Create a Typesense Client bean:

@Bean
public Client typesenseClient() {
    List<Node> nodes = new ArrayList<>();
    nodes.add(new Node("http", "localhost", "8108"));
    Configuration configuration = new Configuration(nodes, Duration.ofSeconds(5), "xyz");
    return new Client(configuration);
}

Then create the TypesenseVectorStore bean using the builder pattern:

@Bean
public VectorStore vectorStore(Client client, EmbeddingModel embeddingModel) {
    return TypesenseVectorStore.builder(client, embeddingModel)
        .collectionName("custom_vectors")     // Optional: defaults to "vector_store"
        .embeddingDimension(1536)            // Optional: defaults to 1536
        .initializeSchema(true)              // Optional: defaults to false
        .batchingStrategy(new TokenCountBatchingStrategy()) // Optional: defaults to TokenCountBatchingStrategy
        .build();
}

// This can be any EmbeddingModel implementation
@Bean
public EmbeddingModel embeddingModel() {
    return new OpenAiEmbeddingModel(new OpenAiApi(System.getenv("OPENAI_API_KEY")));
}

Metadata Filtering

You can leverage the generic portable metadata filters with Typesense store as well.

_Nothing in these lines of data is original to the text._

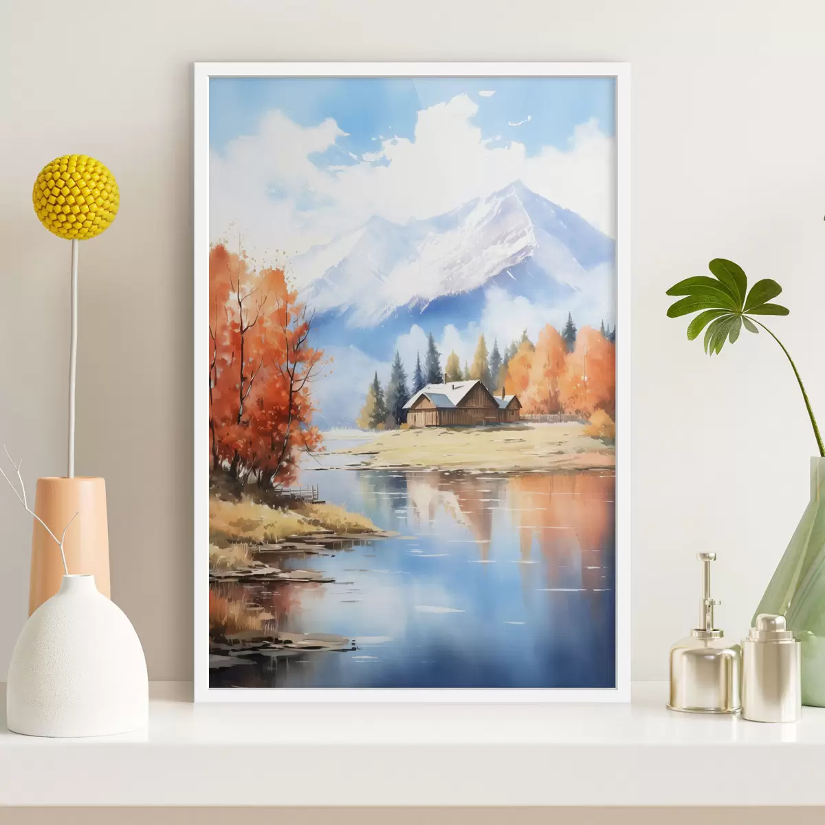 Poster Őszi táj a tó partján, házzal és hegyekkel Nr f46184
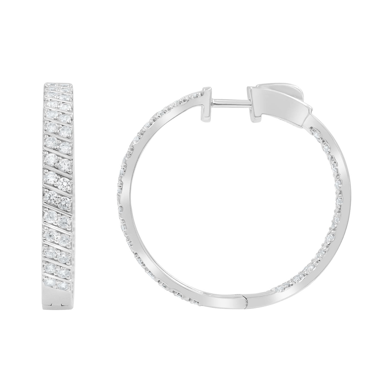LADIES HOOP EARRINGS 2.00CT ROUND DIAMOND 10K WHITE GOLD
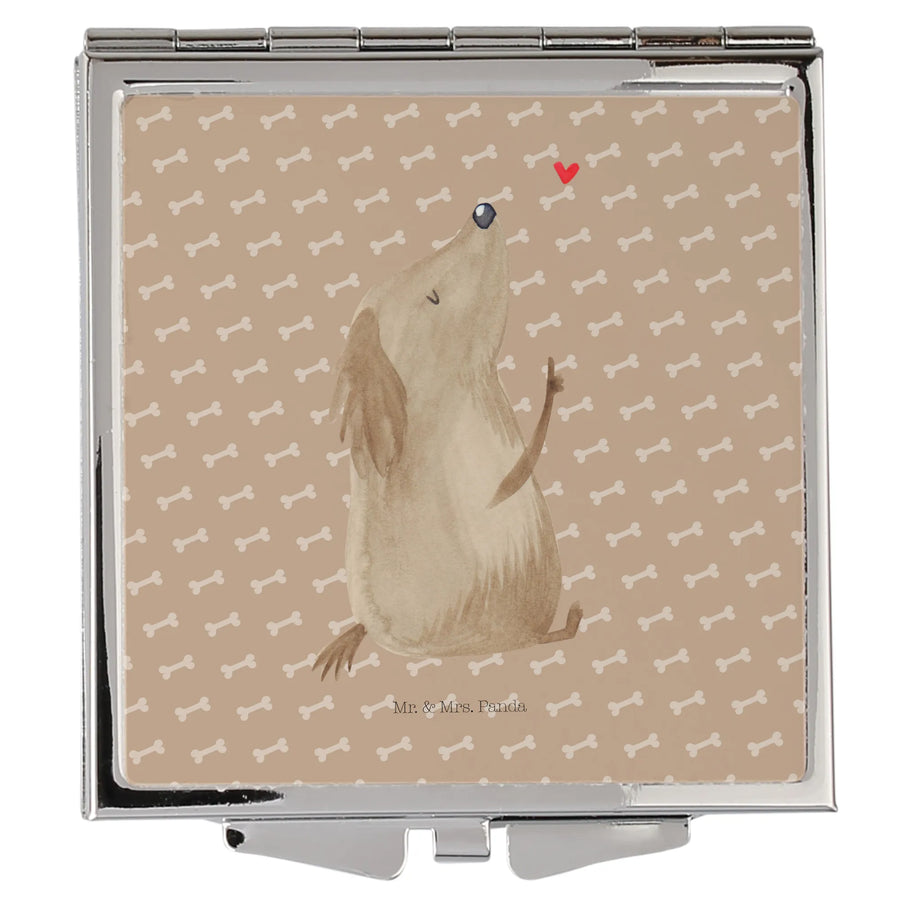 The front side of the mirror features a beautiful design by Mr. & Mrs. Panda, showcasing an irresistibly cute dog who happily presents a small heart. This lovely depiction represents the unconditional love between dogs and their humans, embodying the saying "Dogs! First they steal your heart, then the comfiest spot on the couch." This design not only serves as a practical beauty accessory but also as an uplifting reminder of your beloved four-legged friends.
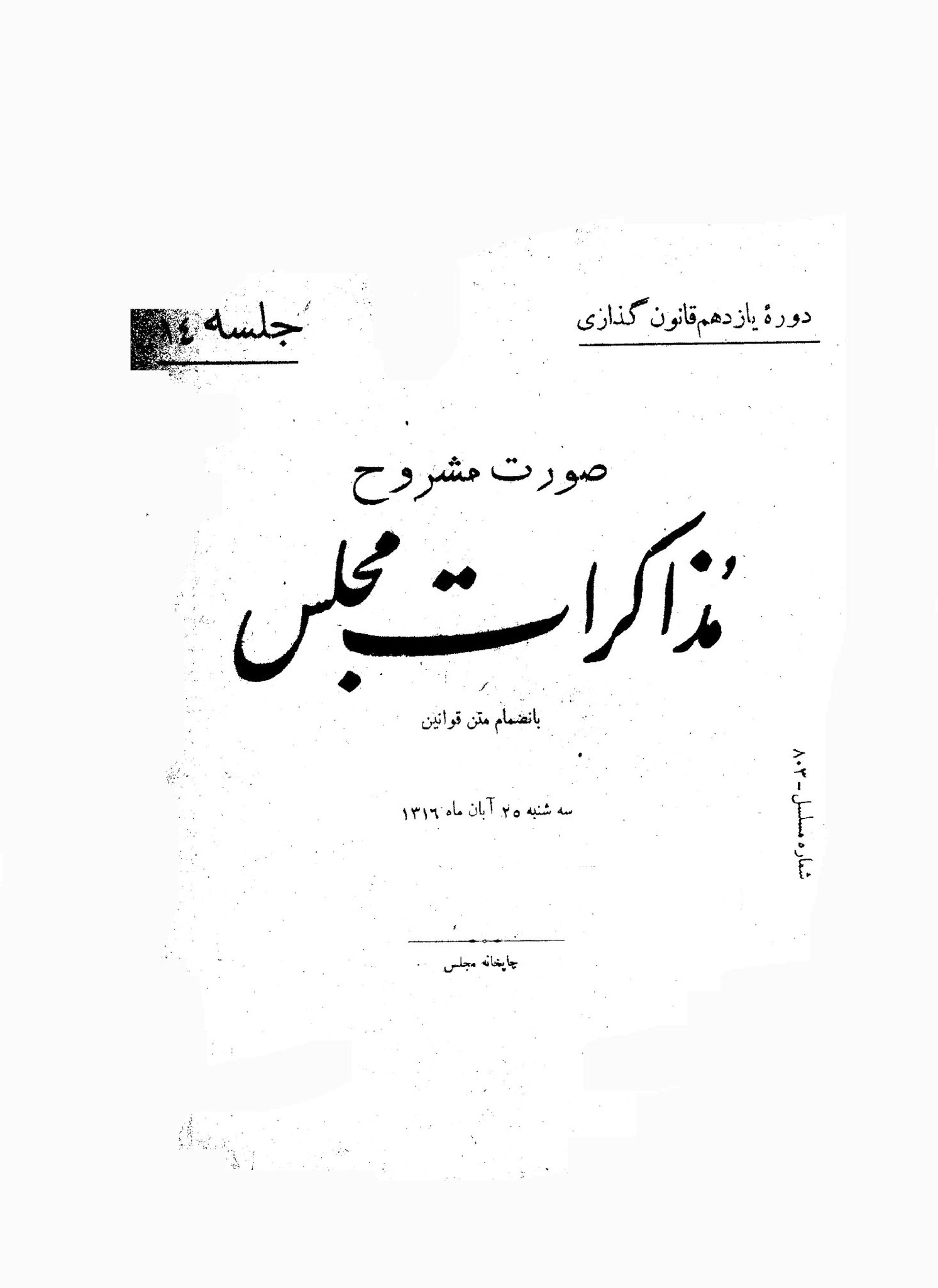 | کنونی | ۴ اکتبر ۲۰۱۳، ساعت ۰۶:۵۶ | ۳٬۰۵۴×۴٬۱۹۳، ۱۹ صفحه (۱۴٫۸۱ مگابایت) | Bijan (گفتگو | مشارکتها) | {{PD-Iran}} رده:مجلس شورای ملی قوانین دوره قانونگذاری یازدهم - ۲۰ شهریور ۱۳۱۶ تا ۲۷ شهریور ۱۳۱۸ |
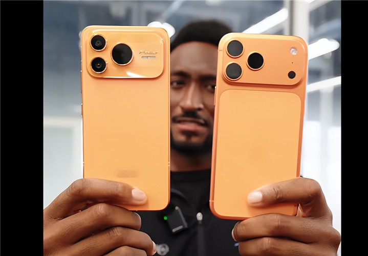 为了更像苹果,不仅颜色用了相近的橙色,还在手机后置摄像头模组左下角添加了一个假镜头,使其看起来更像iPhone 17 Pro和iPhone 17 Pro Max。

For example you can use either the text expression language:

vectorStore.similaritySearch(
    SearchRequest.builder()
        .query("The World")
        .topK(TOP_K)
        .similarityThreshold(SIMILARITY_THRESHOLD)
        .filterExpression("country in ['UK', 'NL'] && year >= 2020").build());

or programmatically using the Filter.Expression DSL:

FilterExpressionBuilder b = new FilterExpressionBuilder();

vectorStore.similaritySearch(SearchRequest.builder()
    .query("The World")
    .topK(TOP_K)
    .similarityThreshold(SIMILARITY_THRESHOLD)
    .filterExpression(b.and(
        b.in("country", "UK", "NL"),
        b.gte("year", 2020)).build()).build());
Those (portable) filter expressions get automatically converted into Typesense Search Filters.

For example this portable filter expression:

country in ['UK', 'NL'] && year >= 2020

is converted into the proprietary Typesense filter format:

country: ['UK', 'NL'] && year: >=2020

If you are not retrieving the documents in the expected order or the search results are not as expected, check the embedding model you are using.

Embedding models can have a significant impact on the search results (i.e. make sure if your data is in Spanish to use a Spanish or multilingual embedding model).